On Fri, May 8, 2009 at 9:20 AM, Sarah Jelinek <Sarah.Jelinek at sun.com> wrote:
> Hi Mike,
>
> Thank you for this data! I do have some comments inline..
>>
>> I noticed in the AI Client Redesign Meeting Notes[1]:
>>
>> Then there was a discussion about Derived Profiles. The outcome was
>> to gather requirements around the following:
>>
>> | - What does deriving mean? That is, what aspects of the profile may
>> | ? be derived? What problems are we trying to solve here?
>> | - Who derives a profile? Some clients or all the clients?
>> | - Should the client support substitution of certain fields in the
>> | ? AI manifest? If yes, what problem will that solve?
>> | - How does the impact the criteria selection on the AI server?
>>
>> Currently I use derived profiles to do the following:
>>
>> - Customize partitioning based upon server model, disk size,
>> ?memory size, etc.
>>
>
> Can you be specific about the criteria you feel are requirements? What I
> mean by criteria is what things do you believe must be included so that the
> client can probe and effectively create the correct derived profile?

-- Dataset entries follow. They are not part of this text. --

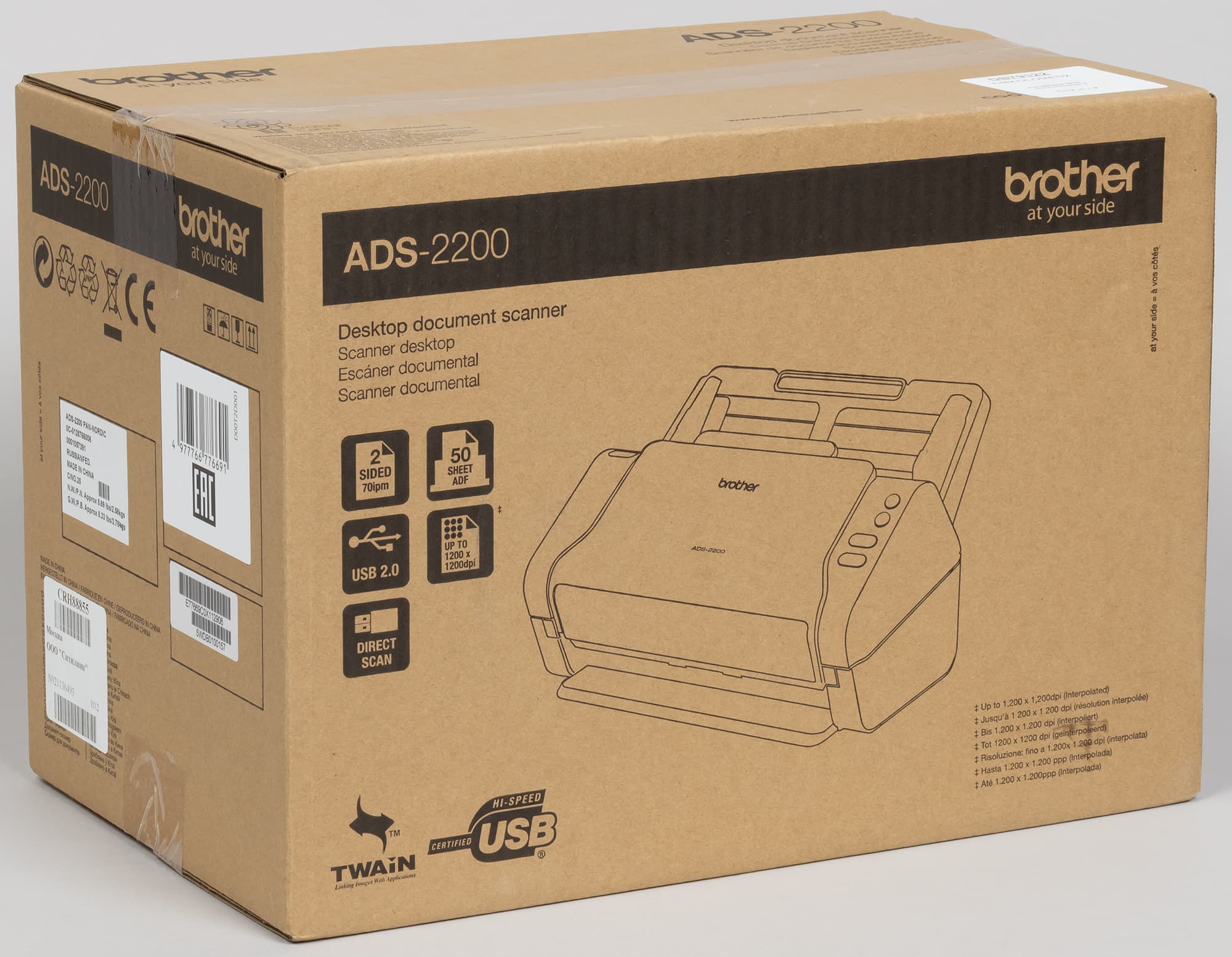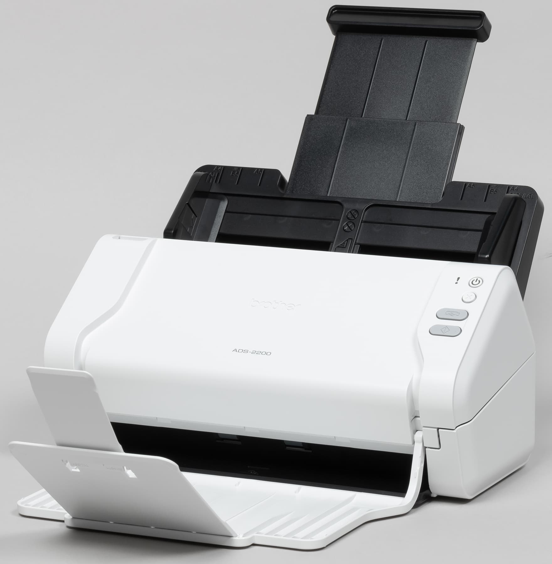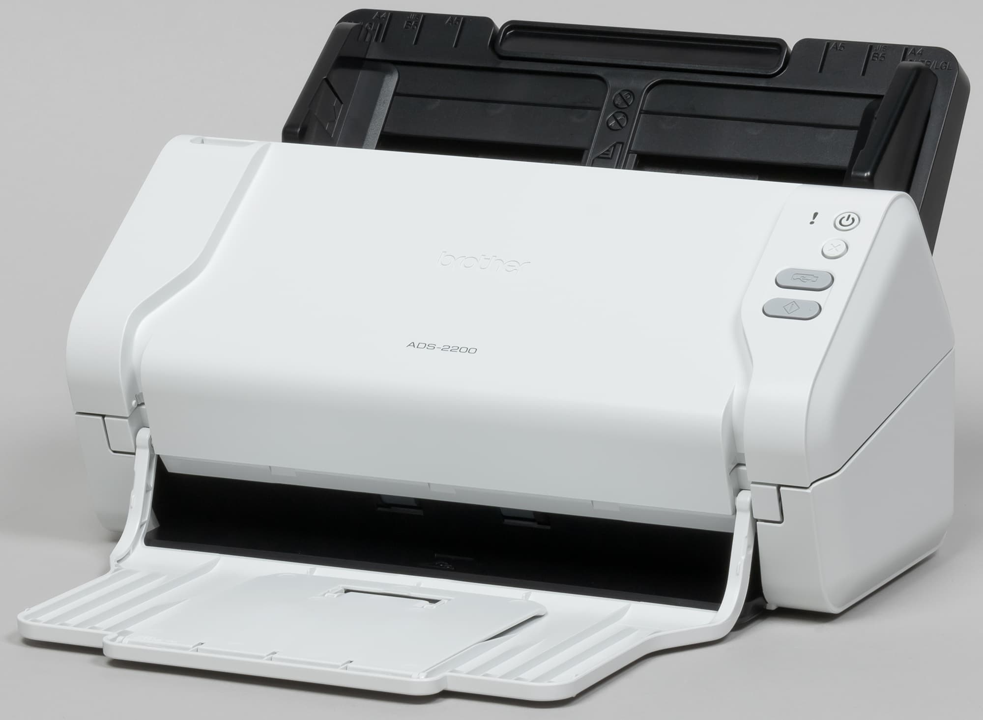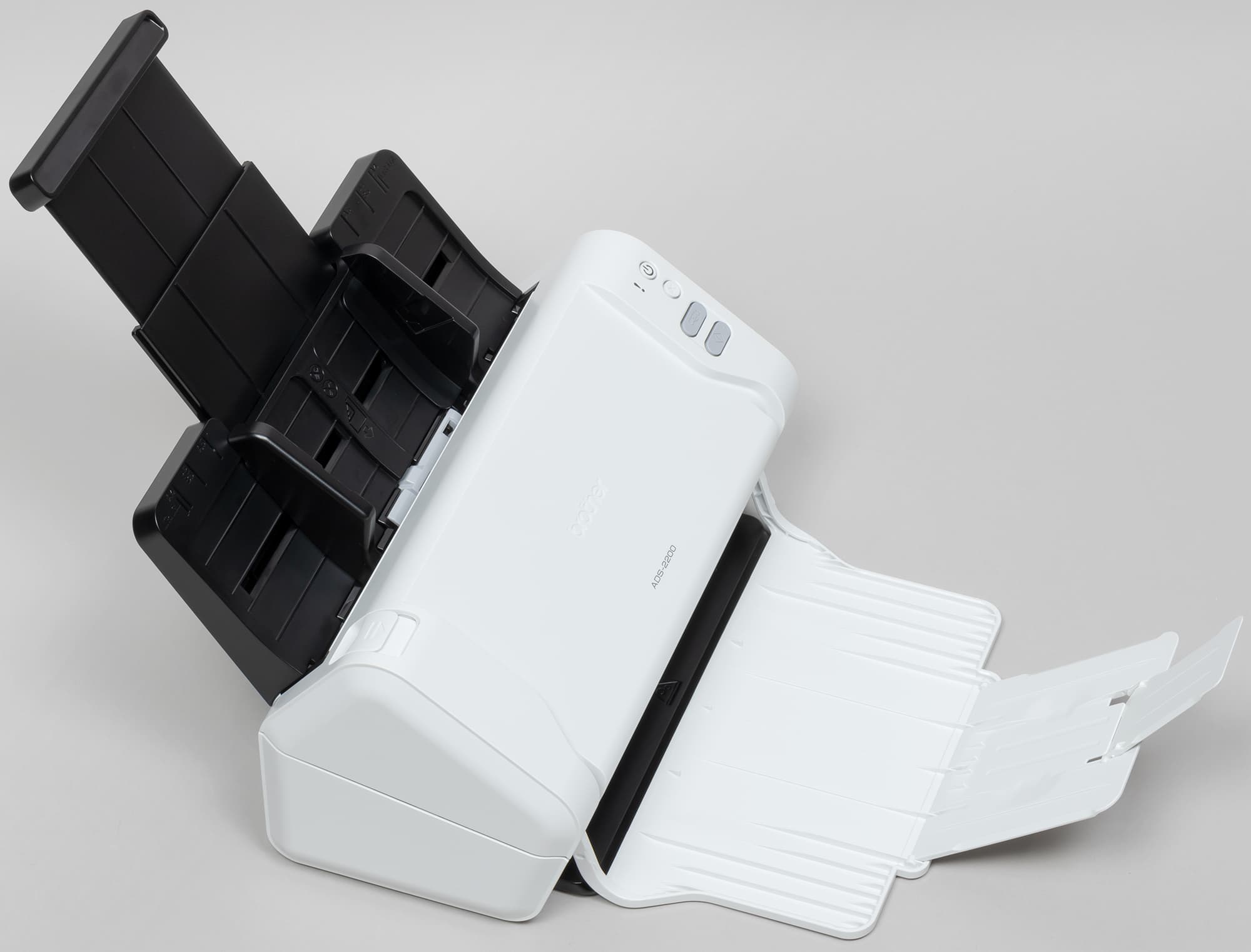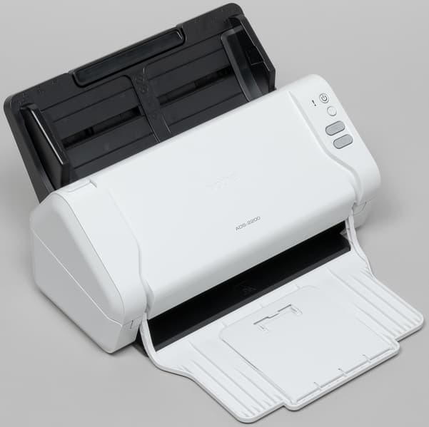 Аппарат Brother ADS-2200 относится к классу протяжных сканеров, которые иначе называют поточными или документ-сканерами: они способны работать только с отдельными листами бумаги, которые загружаются в автоподатчик и протягиваются перед неподвижной сканирующей линейкой.
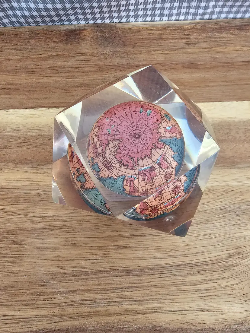Charming Globe Lucite paperweight perfect for adding a touch of worldly elegance to your desk or bookshelf. A great find for collectors and travel enthusiasts.
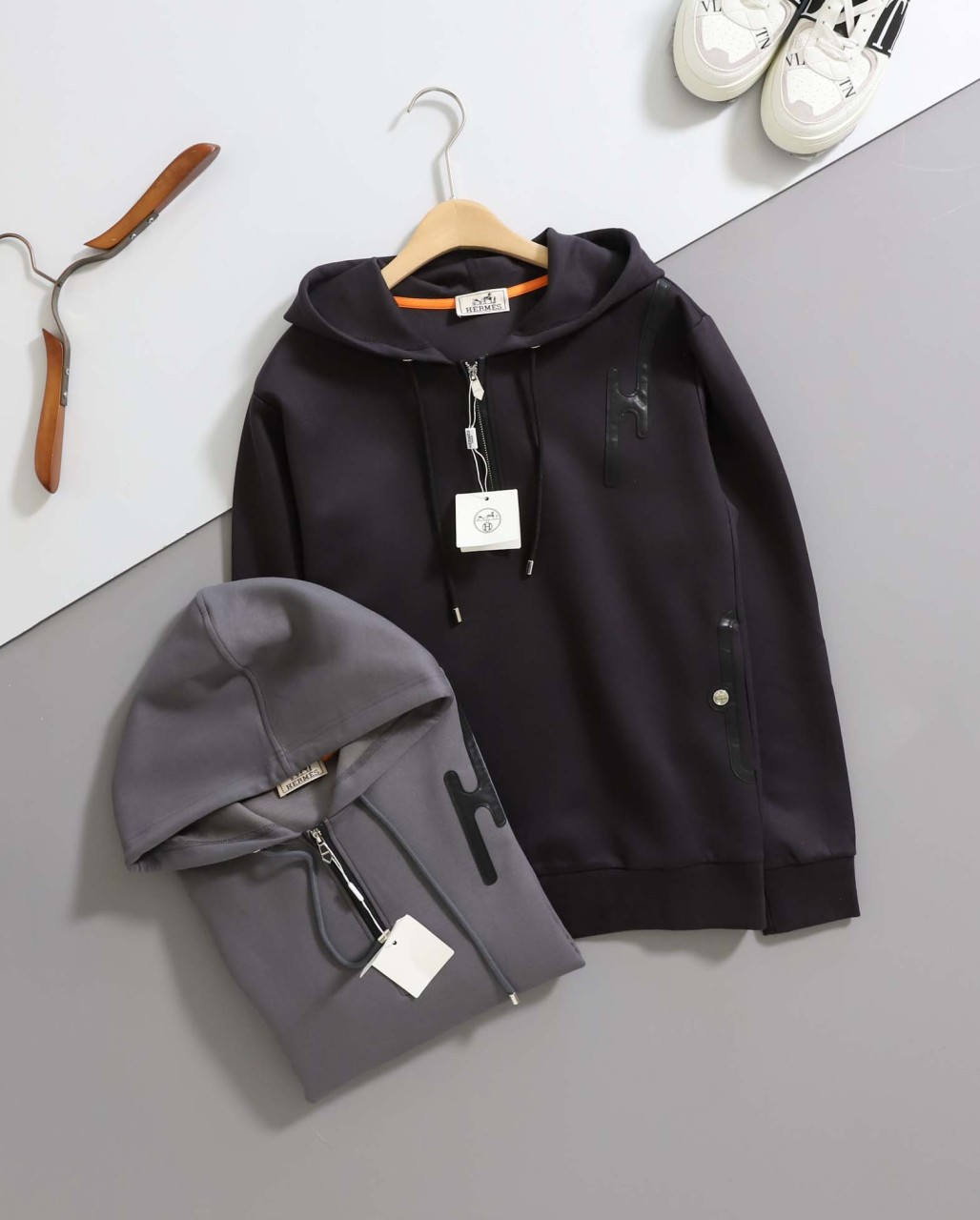 에르메스 [ HRMS ] 수입 H 레더 로고 반집업 후드 티셔츠
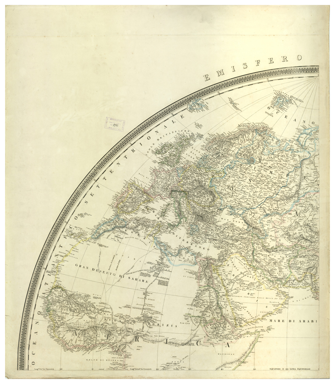 CARTE DEL MONDO - MAPPAMONDO COSTRUTTO SU QUELLO DI GARDNER ACCRESCIUTO DI TUTTE LE NUOVE SCOPERTE E DEDICATO A FERDINANDO II RE DEL REGNO DELLE DUE SICILIE - EMISFERO ORIENTALE - FOGLIO 2
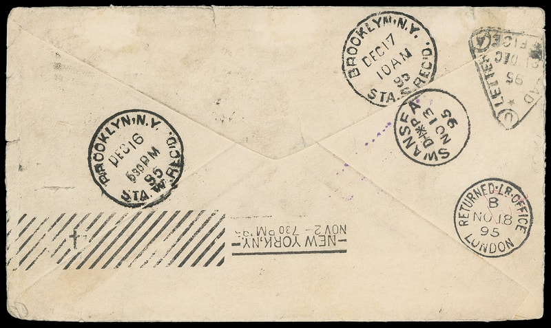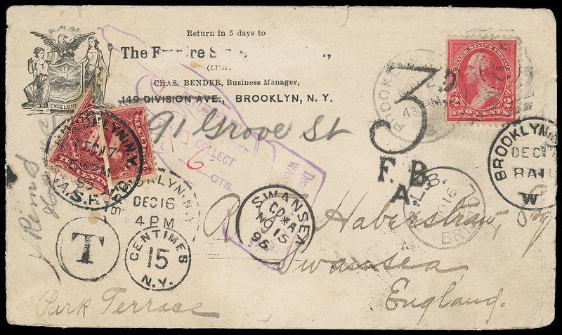Postage Due, 2¢ & 10¢ deep claret, bisects, 2¢ bottom half of horizontal bisect, 10¢ bottom left half of diagonal bisect, tied by "Brooklyn, N.Y., Rec'd, Dec 17, 95" cds on short paid cover to Swansea, England originally bearing 2¢ red (279Bc) tied by "Brooklyn N.Y., Nov 2, 95" duplex, New York "T" "15 Centimes, N.Y." duplex handstamp, Swansea (11.13) arrival backstamp, Swansea (11.15) and "R.L.B., Bristol" (11.16) transits, "Returned Lr. Office, London" (11.18) backstamp, large "3d, F.B. A." handstamp for 6¢ due, large purple hand "Dead Letter Office, Washington D.C., Returned To Writer, Collect '6' Cts" handstamp; small edge tears and wear, contemporary return address abrasion, a Very Fine and exceptional use.

Things that are in my current and/or begin scripts that derive the
profile include:

- Always create / and alt-/ of the same size and on the same disks
- If enough disks are available, mirror everything
- If the disks are big enough, create / and alt-/ as X GB, else X/2 GB
- If running Solaris 10 or later, use leftover space for soft partitions.
- If running Solaris 9 or earlier, mount leftover space at /local
- If running on V240, V440, T2000, etc., root gets mirrored across
disks on the same controller
- If running on a 6800, 15K, 25K, etc., find the two JBODs that are
attached and mirror across them.
- If running on a Thumper, be sure to mirror across the devices that
the BIOS has access to
- If special device aliases (e.g. jsroot1, jsroot2) are found by
probing OBP, find the disks associated with them and install there
instead of using the rules above.
- Determine what site I am in (based on IP) and download the flash
archive from there

Translated into the new way, this probably means:

- Have the ability for the sysadmin - not the tool - to select which
disks to install onto.
- Provide a means that is flexible enough that disk selection can be
done by physical path, as I do above with jsroot*.  This is important
because the controller number can vary based on which PCI or PCIe
cards are installed.  I would hate to install Solaris onto SAN disks
(overwriting application data) when I meant to write to local disk.
- Have the ability to specify the size of rpool, which may be smaller
than a single disk.
- Have the ability to specify other zpools should reside
- Have the ability to tune the size and possibly location of swap &
dump.  That is, a system with small drives (old or SSD) might put swap
& dump in a separate pool - or may decide to use SVM for swap & dump
because ZFS increases the space requirements for them.
- Specify which mirror(s) or repository(s) to install from, based on
locally defined location rules.
- Specify proxy based on locally defined location rules.

>>
>> - Select the appropriate flash archive based on server model
>> ?(primarily sun4u vs. sun4v vs i86pc)
>>
>> I have a lot of logic in finish scripts (JASS) and third-party system
>> management tools that does various other things based upon location
>> (derived from IP address), OS revision, and other criteria that is very
>> hard or impossible to acquire automatically. ?Arguably, the bulk of JASS
>> is
>> legacy baggage with secure by default.
>>
>> As I look forward, I would like to derive profiles that:
>>
>> - Lays out storage properly. ?The definition of "properly" will be likely
>> ?be dependent on criteria that doesn't work for everyone. ?That is, at
>> ?MyCo we may boot from local disk and want two compressed mirrors. ?At
>> ?YourCo "properly" means to use the lowest numbered LUN presented via
>> ?iSCSI from storage array X.
>> - Select software to install based on somewhat arbitrary rules. ?That is,
>> ?at site X I need the omniback package and site Y I need netbackup. ?If
>> ?it's the primary ldom of a sun4v box, install LDoms Manager 2.4.
>>
>
> What types of data would drive the rules for the software choices?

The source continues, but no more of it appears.